2006-04-10 Thread Phillip J. Eby
At 09:47 PM 4/10/2006 +0200, Thomas Wouters wrote:

On 4/10/06, Phillip J. Eby 
mailto:[EMAIL PROTECTED][EMAIL PROTECTED] wrote:
Is anybody else getting this?

  stdin(2)x()
(Pdb) s
Segmentation fault

I'm not able to reproduce this in 32bit or 64bit mode (debian unstable.) 
Does 'make distclean' before configure/compile fix it?

Nope.


  If not, can you unlimit coredumpsize and check to see what it crashes on?

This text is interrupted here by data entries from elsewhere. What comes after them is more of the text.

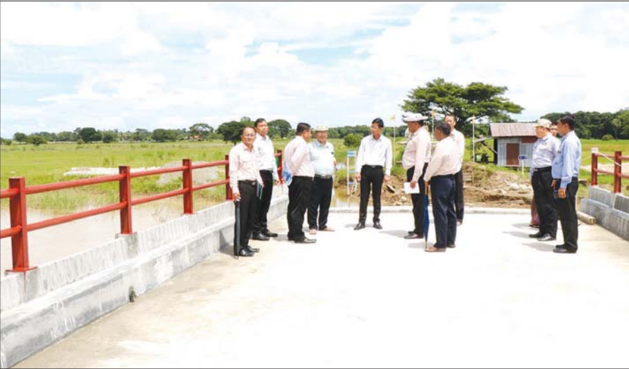
လေးမျက်နှာမြို့နယ် ခုံကြီး-ခတ္တုလမ်းပေါ်၌ တံတားတည်ဆောက်မှုကို ကြည့်ရှုစဉ်။

သည်စေတီတော်မြတ်ကြီးကို သမိုင်းဝင်ဟု ကျွန်တော်ပီပီဟိုဟိုပြုရခြင်းမှာ သက္ကရာဇ် ၄၂၀ ပြည့် နှစ်တွင် ပုဂံပြည့်ရှင်အနော်ရထာမင်းကြီး စတင် တည်ထားကိုးကွယ်ခဲ့သောကြောင့်ပါတည်း။ မြို့ အတွက်တစ်ခုတည်းသာ ကျန်ရစ်တော့သော၊ ဘာနှင့်မျှမလဲနိုင်သော ဘာသာ သာသနာ ထွန်းလင်း တောက်ပခဲ့ရုံသာ ပြယုဂ်သမိုင်းအမွေအနှစ်လည်း ဖြစ်နေပါသည်။ ကျွန်တော် မကြာခဏရေးပြခဲ့ဖူး သလို မူလလေးမျက်နှာမြို့ဟောင်းသည် စတုပုဆွေ ထူပါရုံ စေတီတော်မြတ်ကြီးတည်ရှိရာ ဝန်မြစ် အနောက်ဘက်ကမ်းတွင် တောင်မြောက်အလျား လိုက်တန်း၍ ခုံကြီးရပ်ကွက်၊ မြို့မရပ်ကွက်၊ ခတ္တု ရပ်ကွက်တို့ဖြင့် ဖွဲ့စည်းထားပြီး အစိုးရရုံးများ၊ ဆေးရုံ၊ ကျောင်း၊ တိုက်ဈေးကြီး၊ မြို့နယ်အားကစား ကွင်း၊ ပန်းခြံ၊ ဗိုလ်အောင်ဖေ ရုပ်ရှင်ရုံတို့ဖြင့် သူ့နေရာ နှင့်သူ နှစ်ပေါင်းများစွာ ဟန်ကျပန်ကျ တွေ့မြင်လာခဲ့ ကြရသည်။ မြို့ကသေးသေးလေး ဆိုသော်ငြားလည်း အနီးလေးမျက်နှာမြို့နယ်အတွင်းမှနေ၍ တိုင်းသိ ပြည်သိ ထင်ရှားကျော်ကြားခဲ့ကြသော သာသနာ့ အာဇာနည်များ၊ လူပုဂ္ဂိုလ်အကျော်အမော်များ များစွာ ပေါ်ထွန်းခဲ့ဖူးသည်။ ဘကြီးတော်မင်းနှင့် မိဖုရားခေါင်ကြီးတို့ ကိုးကွယ်တော်မူခဲ့သည့် ပထမ ထွဋ်ခေါင် ဆရာတော်ကြီး၊ ရွှေဟင်္သာဆရာတော် ကြီး၊ သခင်ပညာလောကအမည်ဖြင့် နယ်ချဲ့အင်္ဂလိပ် ကို ဆန့်ကျင်ခဲ့သည့် ဆရာတော် ဦးပညာလောက၊ ဦးဇောတိပါလနှင့် အောင်ဆန်းဆရာတော်ကြီးတို့ သည်လည်းကောင်း၊ ဝိဇ္ဇာရသခင်ချစ်မောင်၊ စာပေ ဘက်တွင် ကျောက်စာဝန် ဦးမြနှင့် ကဗျာဆရာကြီး စောရန်နောင်တို့သည်လည်းကောင်း၊ အနုပညာ
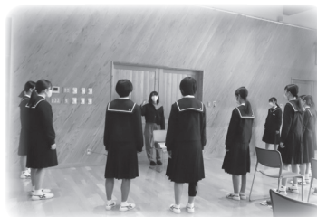
中学校合唱の様子

次回の学校運営協議会は、子どもたちと委員の皆さんで今後取り組んでいくテーマについて話し合う機会を設ける予定です。
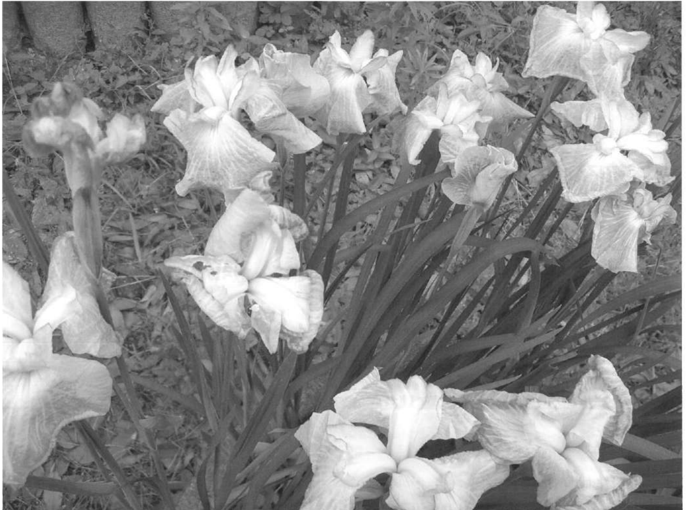
成道寺公園の菖蒲池

〒826-0025 福岡県田川市大黒町3-11 TEL 0947-44-3150 FAX 0947-45-6073 URL : http://www.tagawa.or.jp
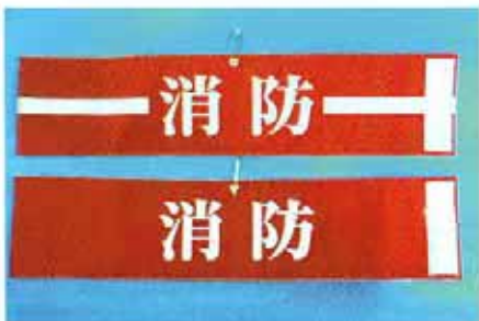
MW-B F M 参考価格 ¥1,500 MW-B P 参考価格 ¥1,000
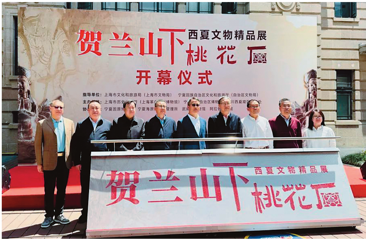
2025年4月29日，“贺兰山下‘桃花石’——西夏文物精品展”在上海市历史博物馆开展。

“西夏人用西夏文翻译了一大批汉文典籍，包括儒经、兵书、医书、史书、童蒙读本等，遍及汉文典籍中的精华，足见西夏的知识分子所接受的教育，也是以儒家经典为代表的中华传统文化。”彭向前说。史料记载，西夏立国后，迅速在全国设立汉学，即儒学教育机构，传授儒家经典，系统推广儒学教育。儒家倡导的“仁政”“礼治”“忠孝”等理念，也是维系社会秩
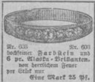
Nr. 603 Nr. 601 hochsein. Farbstein und 6 pr. Maske-Brillanten, von herrlichem Feuer per Stück nur Eine Mark 25 Pf.
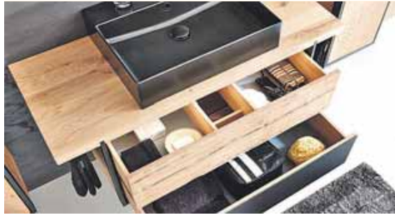
Massivholzmöbel im Badezimmer können gut mit Feuchtigkeit umgehen.

(IPM/RS) · Laut dem »Allergie Informationsdienst« des Helmholtz Zentrum München wird bei 15 Prozent der Erwachsenen im Laufe ihres Lebens ein Heuschnupfen diagnostiziert. Mit Pollenschutzgittern und ausgewählten Zeiten zum Lüften der Wohnung kann das Wohlbefinden im Zuhause verbessert werden, doch auch die Einrichtung kann hierbei unterstützen. »Dementsprechend zeichnet sich auch ein klarer Trend zum gesunden Wohnen mit natürlichen Möbeln in den eigenen vier Wänden
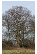
Beuk in tuin Oud Bijsterveld
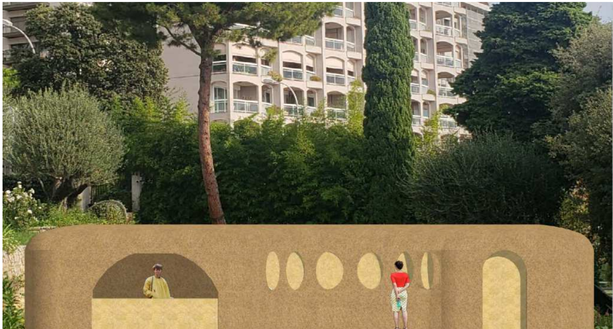
Guillaume Aubry, projet de café de la Villa Paloma

Inspiré par ses recherches et créations autour du soleil et reprenant le dessin originel du jardin de la Villa, il a pensé un projet total. Entièrement construit en pisé (terre crue), le café sera aussi respectueux de l'environnement dans son approche architecturale (recyclage de matériaux de constructions, phytoépuration) que dans le cahier des charges d'exploitation (produits locaux issus de l'agriculture biologique). Orientée plein sud, la contre-courbe jalonnée de fours solaires confère à la structure sa dimension sculpturale.
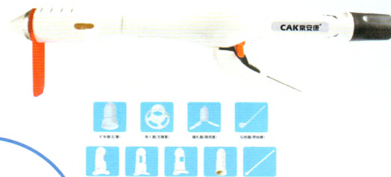
一次性使用肛肠吻合器及其附件（TST）
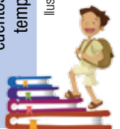
Ilustración: © Ivanova Martínez Muirillo
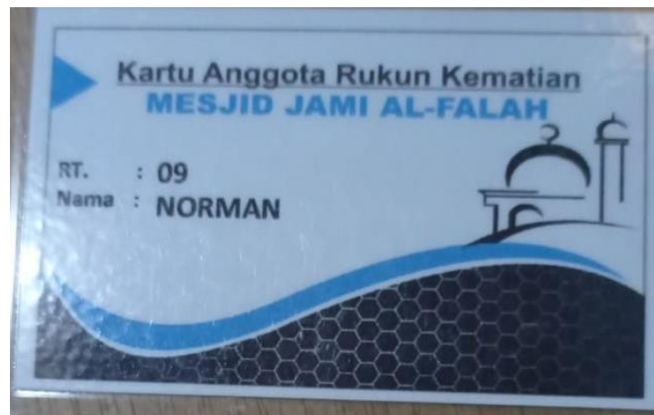
GAMBAR 4.6 Sarana Pengurusan Jenazah Rukun Kematian Al-Falah

Untuk sarana atau perlengkapan pengurusan jenazah ini kami sediakan semua, ambulan juga kami sediakan, dan ambulan ini siapa aja yang perlu boleh memakai, misal dari RT lain mau minjam saja. Kami juga punya kartu anggota, jadi lebih memudahkan anggota kalau ada yang meninggal langsung menghubungi nomer telpon yang ada di kartu anggota. 5
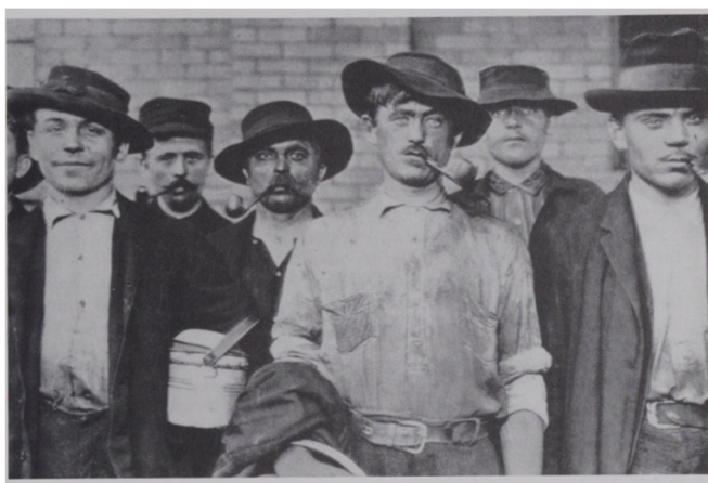
Slika 6. Lewis Hine, Radnici u čeličanama , 1907/8, (izvor: M. STANGE, 1989., 85)
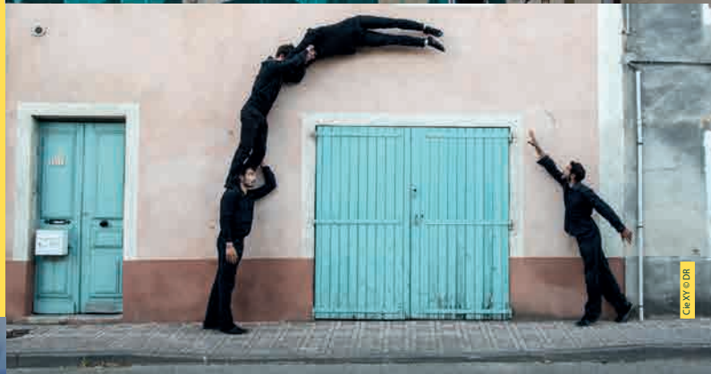
Cie XY & DR
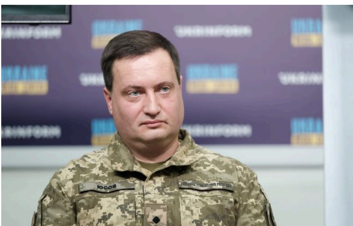
Фото: Андрій Юсов, представник ГУР (Віталій Носач, РБК-Україна)

Розумій ситуацію на фронті через факти, а не чутки з РБК-Україна у Google
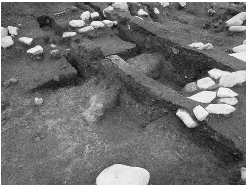
3 4号墓北辺、3号墓南辺 区画溝土層断面(南西から)
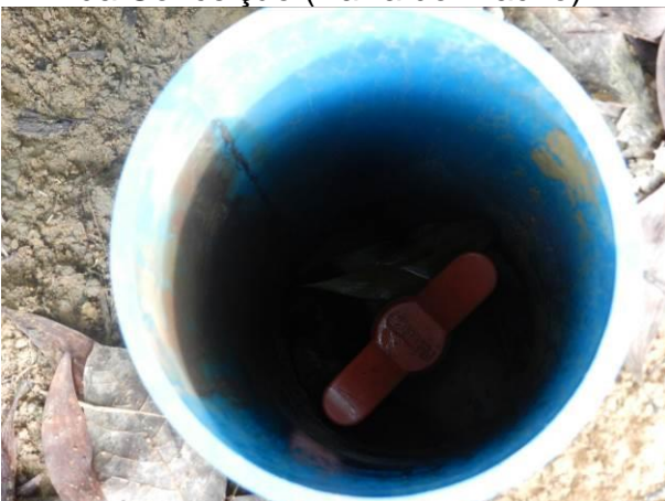
Figura 55 - Descarga Rua da Associação (Coqueiral de Aracruz).
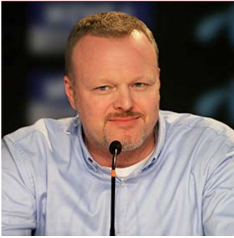
Stefan Raab lädt zum Sänger-Wettstreit in die SAP Arena.
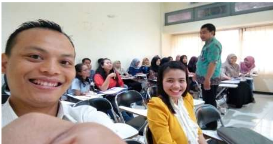
Gambar 2. Pembelajaran mata kuliah Pendidikan Multikultur
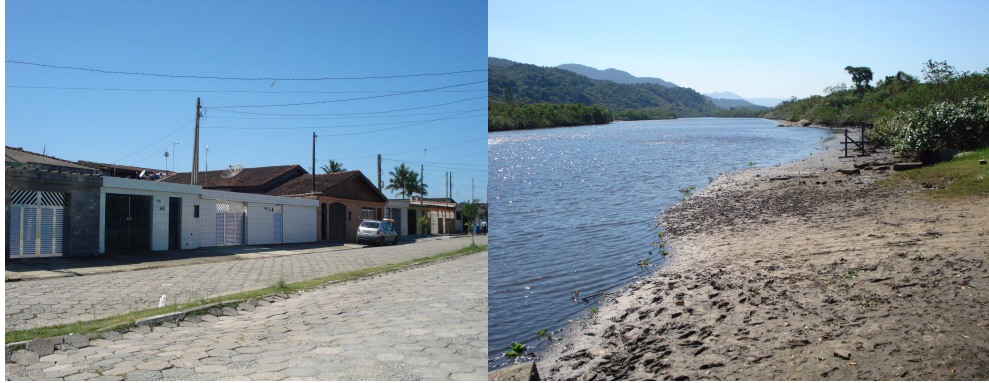
Foto da Gleba II, ao final do bairro o Rio Mariana.

Neste bairro o desenvolvimento corresponde à busca pelos bens e serviços como: segurança, emprego, lazer e moradia e são transformados e renovados no próprio bairro perante seu crescimento em termos de comércio, alimentação e lazer, espaço e mão-de-obra.

#0  0x401bbaa4 in _int_free () from /lib/libc.so.6
#1  0x401baa3c in free () from /lib/libc.so.6
#2  0x080a253e in builtin_raw_input (self=0x0, args=0x4050862c) at 
Python/bltinmodule.c:1759

It appears the problem is an object/mem mismatch: both PyOS_Readline in 
pgenmain.c, and PyOS_StdioReadline use PyObject_MALLOC, but bltinmodule.c 
is freeing the pointer with PyMem_FREE.

Just to add to the confusion, by the way, the readline module dynamically 
sets PyOS_ReadlineFunctionPointer to call_readline, which does its 
allocation with PyMem_MALLOC...

So does anybody know what the protocol should be for readline 
functions?  What about readline implementations that are in the field, so 
to speak?  (e.g. modules that use the readline hook to implement that 
functionality using something other than GNU readline).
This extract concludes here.